Orang-orang sangat menghargai kemurnian mereka dan moralitas mereka dan kebajikan mereka. Dan itulah yang kita inginkan. Kita ingin supaya dunia melihat kesatuan kita. Kita ingin supaya dunia dapat melihat kemurnian kita. Kita ingin supaya dunia melihat kita adalah satu kelompok orang yang percaya Tuhan Yesus Kristus yang mengaku Dia sebagai Tuhan dan Yang berkuasa, dan kita adalah hamba-hamba-Nya yang mengasihi dan setia. Dia memanggil kita untuk kesalehan dan kita mengejar kesalehan itu.
Jadi mereka menghargai kesatuan kita dan kemurnian kita. Itulah rencana Tuhan bagi gereja dan itu memang berhasil. Ayat 14, “Dan makin lama makin bertambah banyak orang-orang yang percaya kepada Tuhan--baik laki-laki maupun wanita.” Siapakah yang menambahkan kepada gereja itu? Tuhan. Kalau kita bertoleransi terhadap dosa, itu mengundang orang-orang yang tidak percaya. Namun itu sama sekali bertentangan dengan tindakan Allah sendiri di Kisah Para Rasul.

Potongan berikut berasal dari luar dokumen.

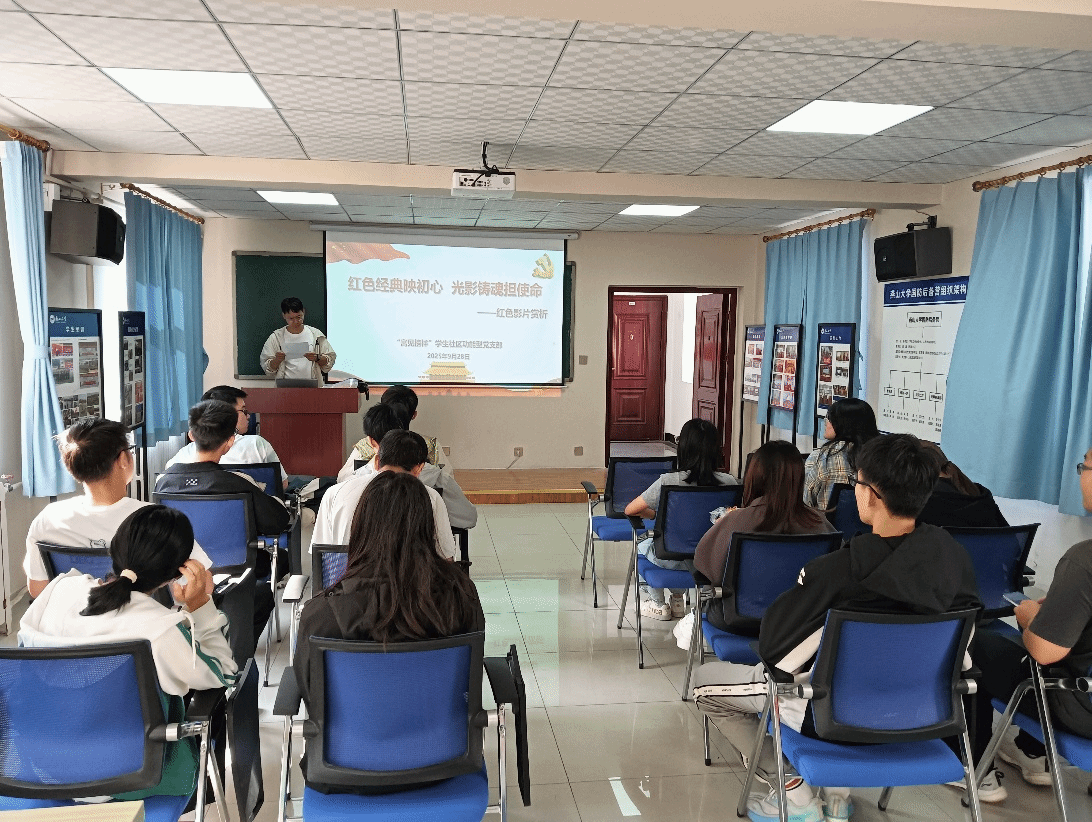 为弘扬革命精神、传承红色基因、厚植家国情怀,2025年9月28日,“寓见榜样”学生社区功能型党支部以“我和祖国共成长”为主题,在新时代大学生文明实践中心开展了“红色经曲映初心 光影铸魂担使命”红色影片赏析活动,理学院学生党员、入党积极分子参与本次活动,活动由博士研究生党员杨留柱主持。

Seorang pendeta benar, seorang gembala tulen tidak akan mengecualikan siapapun juga. Dia akan melakukan segalanya sesuai dengan perintah Allah. Lihatlah 2 Korintus 13:5, “Coba kalian menguji diri sendiri apakah kalian betul-betul hidup berdasarkan percaya kepada Kristus! Apakah Anda tidak menyadari bahwa Kristus Yesus ada di dalam kalian! Lain halnya kalau memang kalian gagal dalam ujian itu.” Anda sebaiknya menguji diri apakah Anda adalh orang percaya sejati atau tidak karena pada saat Aku datang itu adalah pendekatan langsung, Saya tidak peduli siapakah Anda.
Dalam kisah Ananias, biasanya mereka adalah jenis orang yang para pemimpin tidak ingin menyebabkan merasa tersinggung karena mereka orang kaya. Namun lihatlah apa yang terjadi mengenai pertumbuhan gereja. KPR 6:7, “Demikianlah berita dari Allah semakin tersebar dan pengikut-pengikut Yesus di Yerusalem pun semakin bertambah banyak. Dan banyak pula imam-imam yang percaya kepada Yesus.” KPR 8:6, “Ketika orang-orang mendengar Filipus berbicara dan mereka melihat keajaiban-keajaiban yang dibuatnya, banyak dari mereka yang memperhatikan apa yang dikatakan oleh Filipus.”
Bacalah di Wahyu di surat-surat kepada gereja-gereja, dan Anda akan melihat bagaimana Tuhan sendiri mengatakan ketika gereja itu tidak murni, Dia sendiri akan datang dan berperang melawan gereja itu dengan pedang di mulut-Nya. Namun pada saat yang sama ampunilah mereka yang sudah diampuni Kristus. Ini adalah tempat untuk menghadapi dosa dan juga pengampunan dan anugerah dan pemulihan. Marilah kita berdoa.